Kindergarten Teacher: class, in a couple of weeks we're going to be getting a visit from... SANTA CLAUSE!
Five-year-old me: (in an aside to my buddy) you know, there's no such thing, right? That's baby stuff.
My buddy: (nods while internalizing the truth) huh. That makes so much make sense.
Rest of the class: *domino effect of whimpers leading to uproarious cacophony of wailing and gnashing of teeth*
Kindergarten Teacher: CLASS! Class. Listen to me. Of course it's not baby stuff. Listen. I'm 30 years old! And I STILL believe in Santa Clause.
Five-year-old me: Lady, there's no way (long pause) that you're 30 years old.
And off to the principal's office I went, again.
I consider myself incredibly fortunate to be missing the basic human wiring which feels compelled to go with a crowd, seek their affirmation and acceptance, vie for their approval, eat like them, think like them, live like them. As American health and fitness is acceleratingly degenerating, this personality trait has helped me a lot. It makes it a lot easier for me to be healthy, because I just don’t ever make food choices or lifestyle behavior choices based on popularity, fitting in, or what everyone else is doing. I realize that that’s counter to the social nature of humans, and so it’s very difficult for others to entertain this thinking.
But, I would challenge you, every time you’re starting to feel “weird” for making a “different” food choice or stress management choice (Ie - going to bed on time) or grown-up decision, that counterculture feeling is leading you in the right direction. The sideward glances you get for skipping ice cream or alcohol are confirmation that you are on the right path. The judgmental tone of friends and family when you stop eating bread is a powerful acknowledgment that you are working your way into an ever-increasingly small sliver of Americans who have decreased risk of cardiovascular disease, strokes, cancers, neurodegeneration, and other metabolic conditions.
There might’ve been a time where adhering to your tribe’s principles would’ve kept you alive longer. It once made sense. That is no more the case. It hasn’t been for a while in the modern world.
A lot of times people get hung up on their healthy lifestyle efforts, thinking, “why do I have to try so much harder than everyone else?” Or, they think how difficult it is to “stay strong” in a sea of “normal” behavior. Or, they get self-conscious about their own “weird” meals and activities. But, at least 88 percent of Americans aren’t metabolically healthy:
So... to what are your comparing yourself? The norms and averages of our culture are abysmal with regard to human health. Noticing that there is a gap between how you live and the generally-accepted lifestyle of others around you is precisely what you want.

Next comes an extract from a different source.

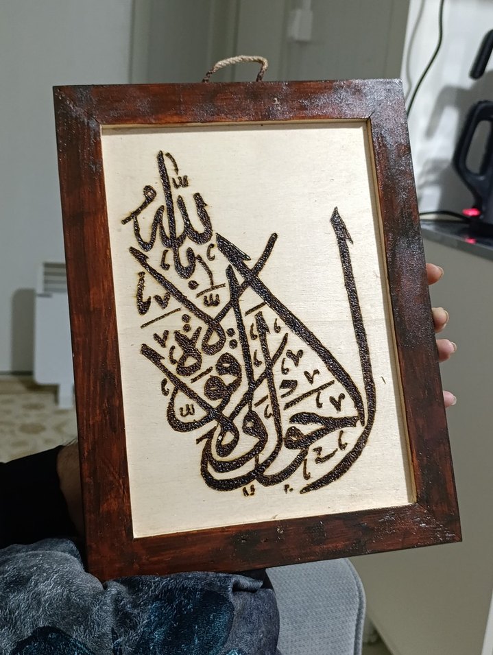 Açık zemin üzerinde koyu kahverengi Arapça hat sanatı bulunan, ip askılı ahşap çerçeveli tablo. ADET FİYATI

I recognize that personally I have a hard time relating to this struggle. For a very long time I’ve been confused by people telling me about parties and holidays and weekends as a factor in their self-sabotage. Whereas I’m repulsed by beliefs or behaviors that gain momentum and popularity, most people feel incapable of exerting a vote on their personal behavior if the tide is going a certain direction. I see it in their politics, their career choices, their food choices, and so on. And when confronted by an opposing popular belief or behavior, they tend to get defensive, because it creates a feeling of rift in their social hope. They want to join others or win people over to their side so that they can feel balanced in their tribal setting again. I’m telling you that there’s a better way, where you don’t have to let everyone around you run your emotions and life decisions.

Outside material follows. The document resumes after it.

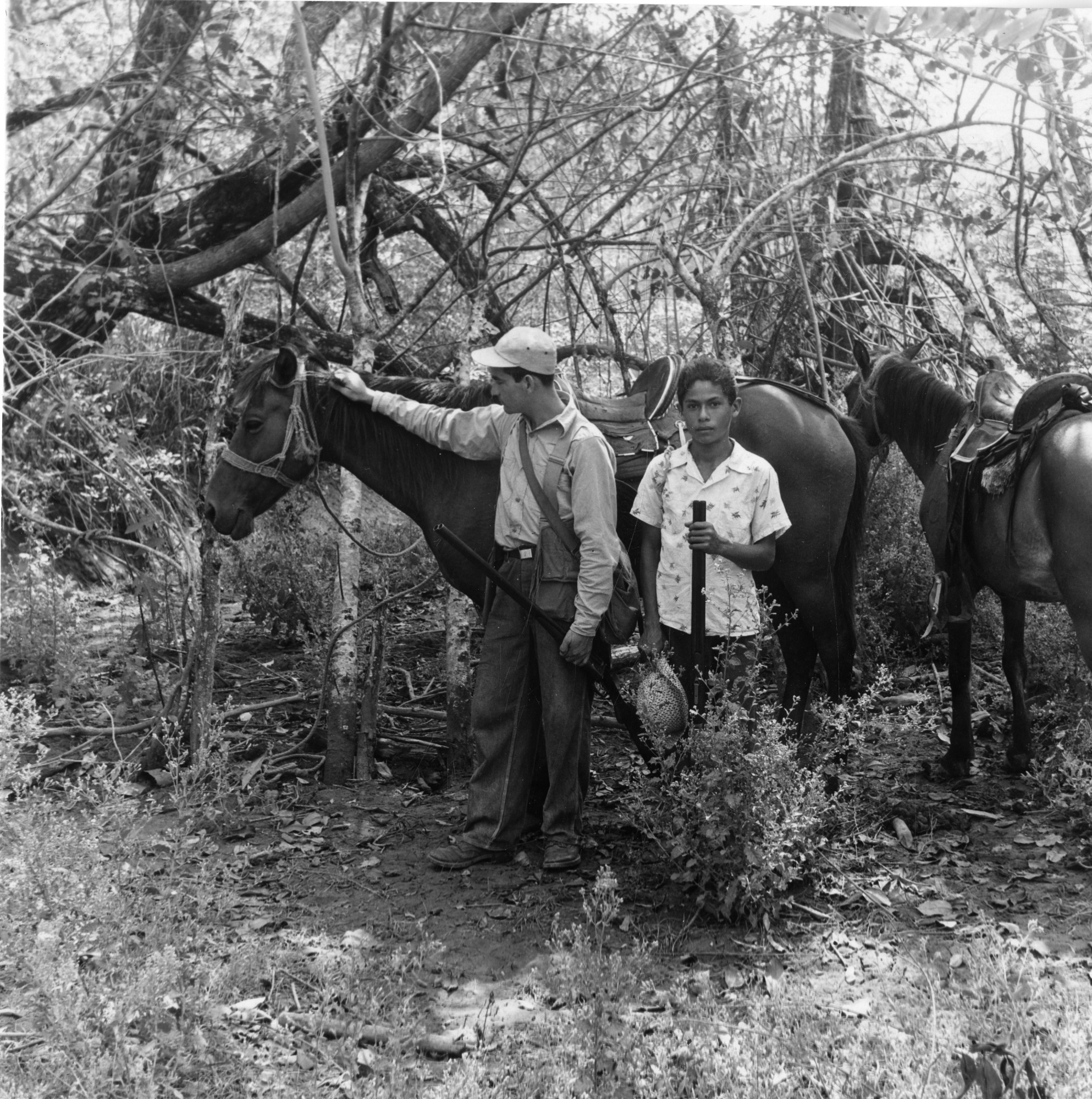 Armagedón Hartmann and Antonia stand with their horses at Puerto Piña, Panama. Armagedón and Antonio assisted sixth Smithsonian Secretary and ornithologist Alexander Wetmore while on a scientific expedition to Panama. The image was taken by Wetmore.

I’m not saying that we’d all do best to be hermits or avoid social interaction. I’m just saying that you have to divest your health decisions from what’s popular. When you choose what to put in your stomach, that has to be based on how you fundamentally want to run your life. Why simply base it on what’s available, what’s popular, what others expect? Those others aren’t faced with the consequences of how you treated yourself.
And I’ve encountered the opposite incarnation of this same propensity. People will triumphantly announce to me that others at their work place have started a walking group to help everyone stay accountable to 10,000 steps per day. With hopeful anticipation, they look at my face to get a nod of assent. I just look at them dumbfounded. Why would you wait on others, average Americans no less, to get healthy? I don’t get it. I don’t understand that. I would never, ever, even imagine awaiting social approval to take care of myself or my family in a better manner. If I went with the tide, I would’ve drowned a long time ago.

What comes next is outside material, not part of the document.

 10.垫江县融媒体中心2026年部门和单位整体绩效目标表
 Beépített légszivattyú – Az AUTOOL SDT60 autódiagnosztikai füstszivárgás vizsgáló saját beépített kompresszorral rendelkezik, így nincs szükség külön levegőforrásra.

I have a lot of clients who travel for business, run lunch meetings, etc. In total exasperation, they’ll ask me what they should do “when there’s no ‘good’ options”. DON’T EAT. “But I have to eat,” they think. No. No you don’t. Who told you that? Why do you think you need to be like every basic faltering American who can’t imagine skipping a few hours without food in their gullet? Be an individual. Be abnormal. Quit choosing every second of your day based on other people’s expectations.
Because somewhere around 90% of them are actively working themselves needlessly into an early grave.